When I was in high school. I worked at a Hallmark card store. I learned so much from that job. Much of what I learned was how NOT to treat people, but that’s a tale for another day. As a young, impressionable girl raised on Dynasty and Danielle Steele, I loved a good story.
One of my coworkers, an older lady named Betsy, told me a story that I still think about sometimes. (Let’s note that I’m now the age of Betsy, “the older lady.”) The summer after high school, Betsy was at the beach for the weekend with her girlfriends. She was planning to attend Vanderbilt University that fall. Before she packed up to leave, Betsy decided to take one last walk on the beach, and on that spontaneous walk, Betsy met the man who would be her husband for the next fifty years. She started dating him and decided to ditch Vanderbilt and get married shortly after their beach rendezvous.
As a snotty and know-it-all child of the 80s, I was appalled that she would abandon her plan of attending a prestigious university for some strange guy she just met on the beach. And for what? To become a wife and mother working part-time in a Hallmark store with high school students? How could she even be smart enough to have gotten into Vanderbilt in the first place if those were the kind of choices she made? But Betsy seemed very happy and was a sweet lady with a good life. I liked her a lot.

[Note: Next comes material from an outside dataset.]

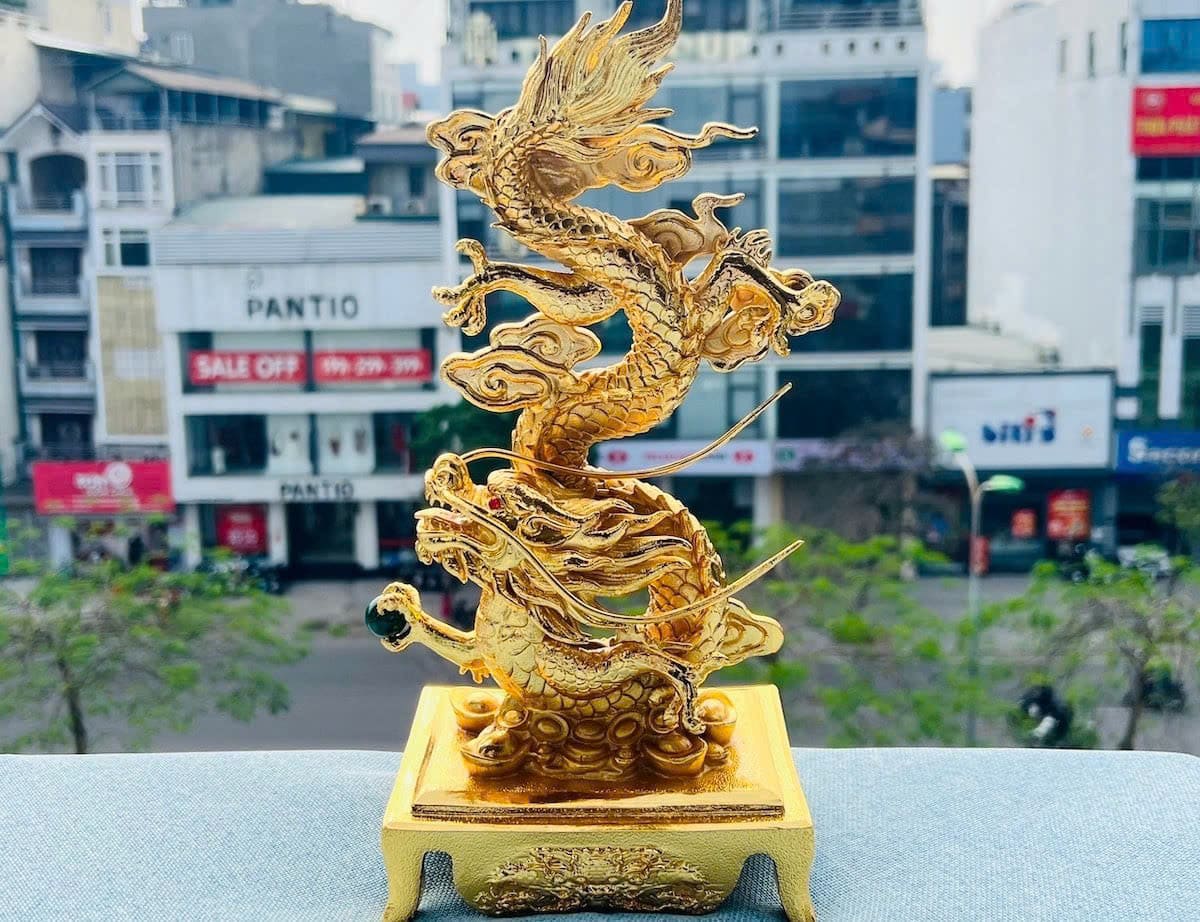 Tượng Rồng mạ vàng gây ấn tượng mạnh bởi thiết kế uyển chuyển nhưng đầy uy lực, thể hiện rõ thần thái linh thiêng của linh vật. Các sản phẩm được chế tác thủ công bởi nghệ nhân, kết hợp với công nghệ mạ vàng điện phân hiện đại, tạo nên bề mặt sáng bóng, bền đẹp theo thời gian.

There have been times in my life that I think about that story and the seemingly random events that change the course of our lives forever. What if Betsy didn’t go to the beach that weekend? What if she decided to pack up and leave instead of taking one last walk? It often feels like our insignificant decisions (a spontaneous walk) can have way more of an impact than our Big Life Decisions (choosing a college). As an over-thinker, I find this notion simultaneously comforting and unsettling. Nothing matters. Everything matters.
I am at a crossroads right now, slightly stuck in The Waiting Place, as wise Dr. Seuss called it.
You will come to a place where the streets are not marked.
Some windows are lighted. But mostly they’re darked.
A place you could sprain both you elbow and chin!
Do you dare to stay out? Do you dare to go in?
How much can you lose? How much can you win?
And IF you go in, should you turn left or right…
or right-and-three-quarters? Or, maybe, not quite?
Or go around back and sneak in from behind?
Simple it’s not, I’m afraid you will find,
for a mind-maker-upper to make up his mind.
— Dr. Seuss, Oh, the Places You’ll Go
Eventually I will get unstuck and choose a direction, but for now, I’m sticking it out right here. My friend introduced me to a phrase that’s often used in the recovery community, and when my head is spinning with options and I’m overwhelmed about what to do next and how things will turn out, I find that it helps me get back on track: Just keep doing the next right thing. I can do that. And eventually, I believe, the right walk will lead me in the right direction, probably when I’m least expecting it.
I am sure you will continue to keep doing the next right thing and you will become unstuck.
As for Betsy – My younger self would have been thinking the same thing as your younger self. Nowadays though – I think that kind of love, people my age don’t have a clue about. Glad to know that I wouldn’t be the only judgemental teenager/young adult! 😉
Oh, it’s true! I think I knew everything back then. Thanks, A.
Or, as Dorrie said in Finding Nemo: Just keep swimming. I’m swimming pretty hard right now myself. :O)
lol Yes, just keep swimming, my little fishy. We will get there.